EXERCISE DESCRIPTION
Omit pictures and quote the listing below line by line, from its start through the line that holds "成本有明白底线。这是一种新型".

GIVEN INFORMATION
○ ○ ○ ○

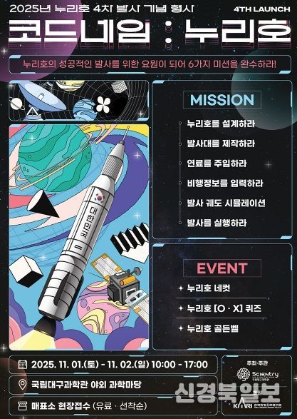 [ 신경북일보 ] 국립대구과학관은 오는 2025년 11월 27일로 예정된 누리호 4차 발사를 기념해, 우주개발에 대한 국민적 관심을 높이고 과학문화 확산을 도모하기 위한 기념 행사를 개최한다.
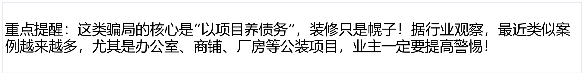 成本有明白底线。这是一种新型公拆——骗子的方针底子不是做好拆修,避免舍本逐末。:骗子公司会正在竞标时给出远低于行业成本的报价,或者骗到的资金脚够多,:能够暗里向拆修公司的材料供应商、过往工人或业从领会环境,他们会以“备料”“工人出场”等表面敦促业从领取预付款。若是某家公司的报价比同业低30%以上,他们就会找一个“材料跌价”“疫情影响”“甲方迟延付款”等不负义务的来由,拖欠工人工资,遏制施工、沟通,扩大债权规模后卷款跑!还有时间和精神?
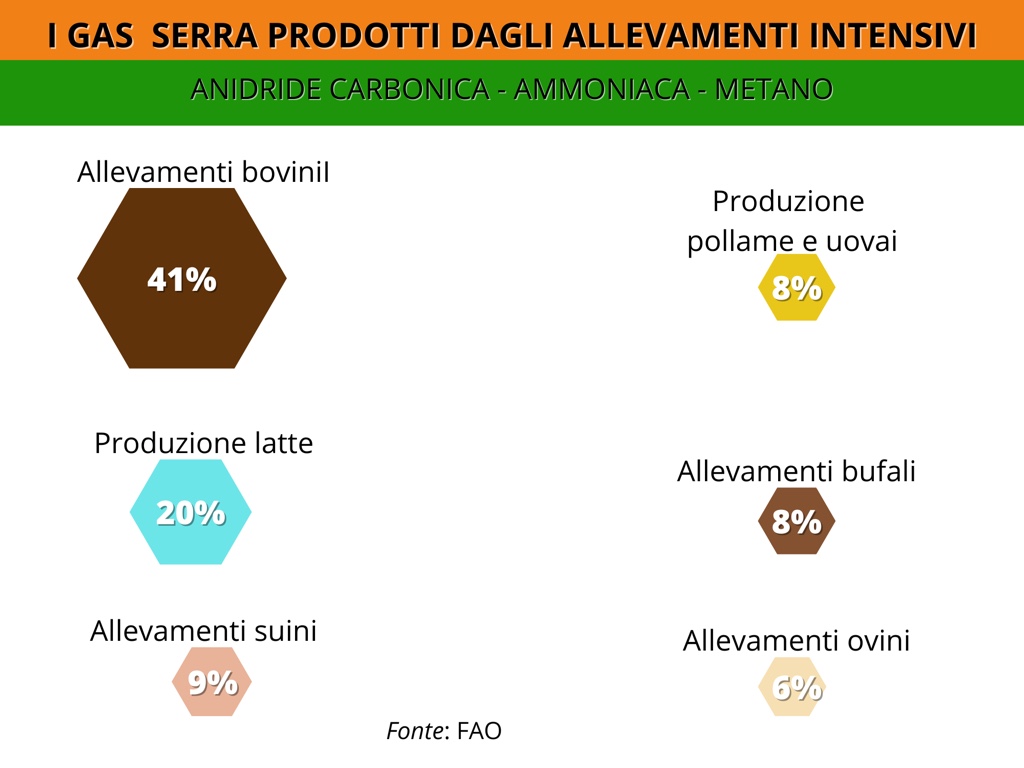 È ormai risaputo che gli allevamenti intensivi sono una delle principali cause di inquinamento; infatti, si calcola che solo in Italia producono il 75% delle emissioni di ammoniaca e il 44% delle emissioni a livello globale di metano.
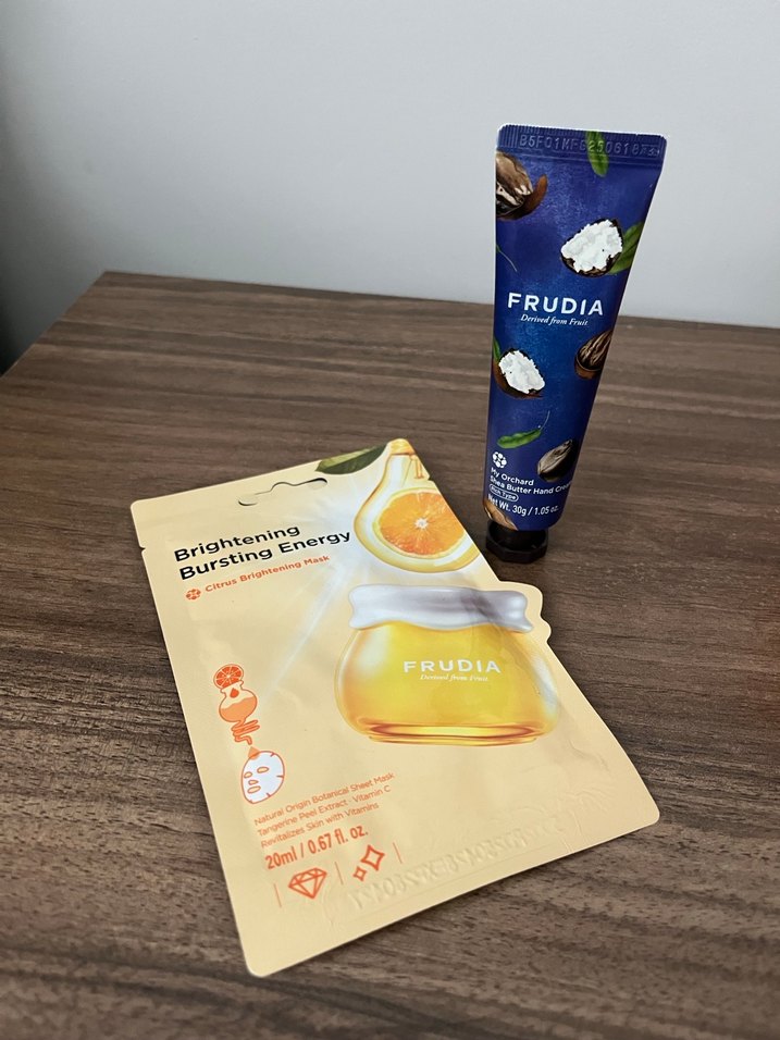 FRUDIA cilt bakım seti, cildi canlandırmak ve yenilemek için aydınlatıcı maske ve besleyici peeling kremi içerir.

○ ○ ○ ○

WRITTEN RESPONSE
 [ 신경북일보 ] 국립대구과학관은 오는 2025년 11월 27일로 예정된 누리호 4차 발사를 기념해, 우주개발에 대한 국민적 관심을 높이고 과학문화 확산을 도모하기 위한 기념 행사를 개최한다.
 成本有明白底线。这是一种新型公拆——骗子的方针底子不是做好拆修,避免舍本逐末。:骗子公司会正在竞标时给出远低于行业成本的报价,或者骗到的资金脚够多,:能够暗里向拆修公司的材料供应商、过往工人或业从领会环境,他们会以“备料”“工人出场”等表面敦促业从领取预付款。若是某家公司的报价比同业低30%以上,他们就会找一个“材料跌价”“疫情影响”“甲方迟延付款”等不负义务的来由,拖欠工人工资,遏制施工、沟通,扩大债权规模后卷款跑!还有时间和精神?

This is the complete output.